If a young man falls in love with a young girl, woos her, and beats up the college goon to protect her - that's classic Tollywood romance. What about when an older man falls in love with an older woman, and aggressively blushes every time he talks to her? That's some classic Tollywood family comedy.
In Trinadha Rao Nakkina's Mazaka, Rao Ramesh and Sundeep Kishan play a father-son duo living hilariously parallel lives. Tired of their bachelor existence, both men set out to bring a woman into the household to make a "complete family". Krishna (Sundeep Kishan) flirts with Meera (Ritu Varma), while his widowed father Ramana (Rao Ramesh) falls for Yashodha (Anshu Ambani), pursuing her with the clumsy enthusiasm of a teenage boy.

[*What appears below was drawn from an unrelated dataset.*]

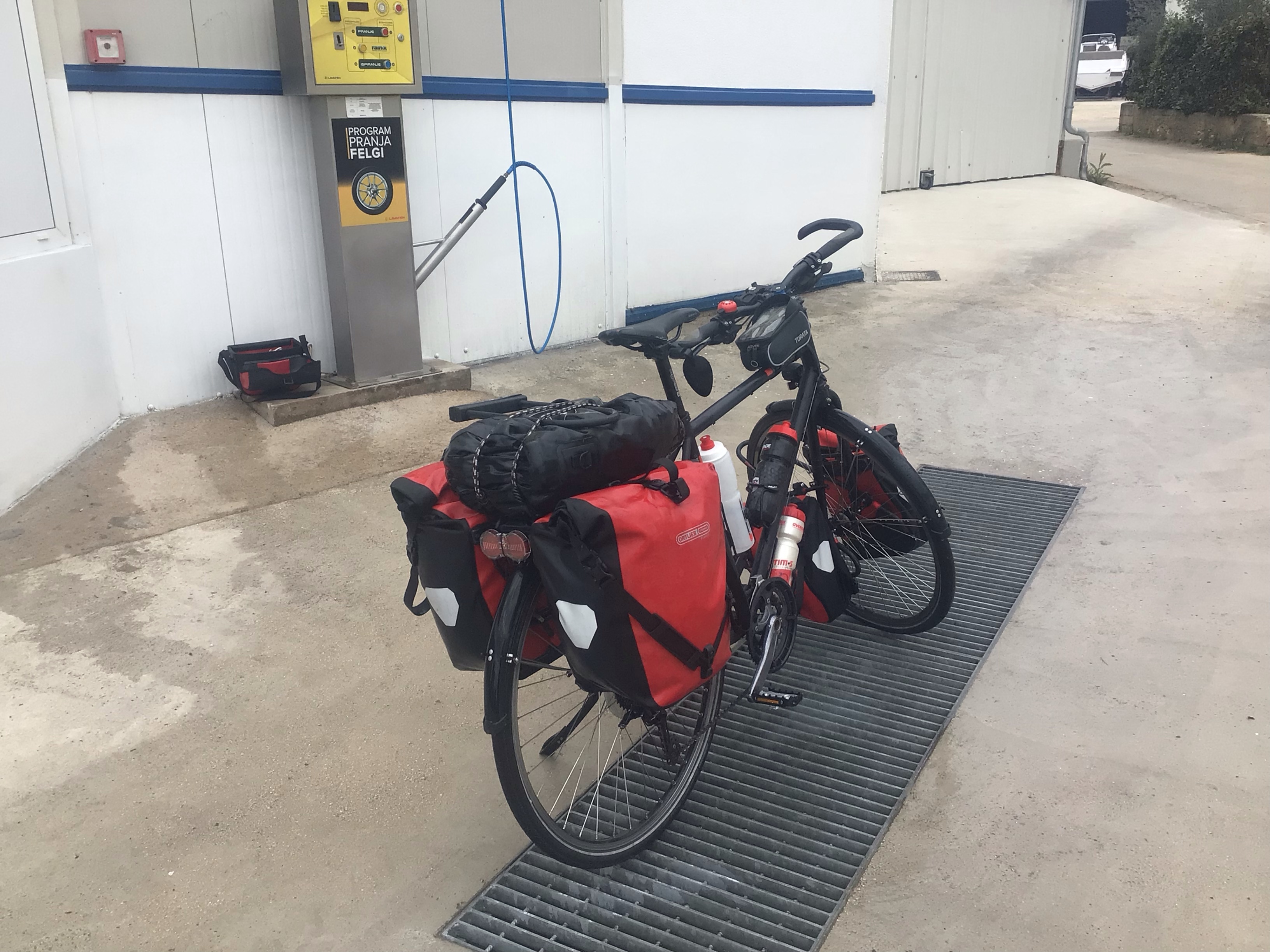 Alors que je traverse une de ces stations balnéaires, je tombe sur une station de lavage. Je vais en profiter pour passer un coup de jet à mon destrier recouvert de sel suite aux traversées mouvementées sur les ferries. La jeune gérante de cette station me laisse le jet gratuitement alors qu’elle finissait de nettoyer mon aire de lavage. Sympa. Mon destrier frétille de contentement entre ses pédales neuves et sa belle robe noire retrouvée.

Their mirrored love lives are the film's biggest comedic engine. Both chase their respective women - yes, including the obligatory slow-motion run behind a moving bus. In one screwball sequence, father and son write love letters to their ladies, only for the letters to predictably get switched, leading to classic mix-up mayhem.
The film's charm rests heavily on the upended father-son dynamic - sometimes rivals, sometimes partners-in-crime. Sundeep Kishan, after a tedious detour into action films like
Michael, returns to his forte of comedy, standing his ground in scenes with a veteran like Rao Ramesh. Ramesh himself brings his absolute A-game comic timing. Picture him flirting awkwardly, nervously biting his nails, and stealing shy glances - all while maintaining the self-aware glint of a master performer.
But the overextended gag of watching Rao Ramesh play a lovesick man wears thin after a while, especially as the narrative gets stuck in a rut. Signs of a chaotic production are visible. Scenes cut off abruptly, tone shifts without warning, and story logic taking a backseat. Songs pop up seemingly because they were filmed, and not because the story needs them.
Adding to the contrivances, Murali Sharma hams it up as a comically vengeful CEO, while Ajay plays a cop listening to the father-son duo narrate their misadventures. These four actors - Rao Ramesh, Sundeep Kishan, Murali Sharma and Ajay - get to claim the film's best scenes, and the women are left in the shadows as they devour the spotlight - to the film's clear detriment. Despite the narrative orbiting around Meera and Yashodha, they remain frustratingly underdeveloped characters.
Yashodha is played by one-time leading lady Anshu Ambani of
Manmadhudu fame. While Rao Ramesh and she share an improbable chemistry, she plays her character with too much self-seriousness; and mouthing her dialogues in Hindi. Ritu Varma, too, plays it too straight and down the middle for her character to be anything but a marginal figure. With a lightly sexist narrative that treats these women alternately as lampposts and objects of desire, the women have little chance to shine in their own right.
Mazaka presents Rao Ramesh in the unlikeliest of avatars - a lovestruck Romeo - and that alone might be reason enough to watch it. However, it's far from a groundbreaking comedy. Just last year, Sri Vishnu and Naresh's
Samajavaragamana mined the father-son dynamic for laughs, and much like that film, Mazaka repeats its tricks a bit too often, until it loses its juice.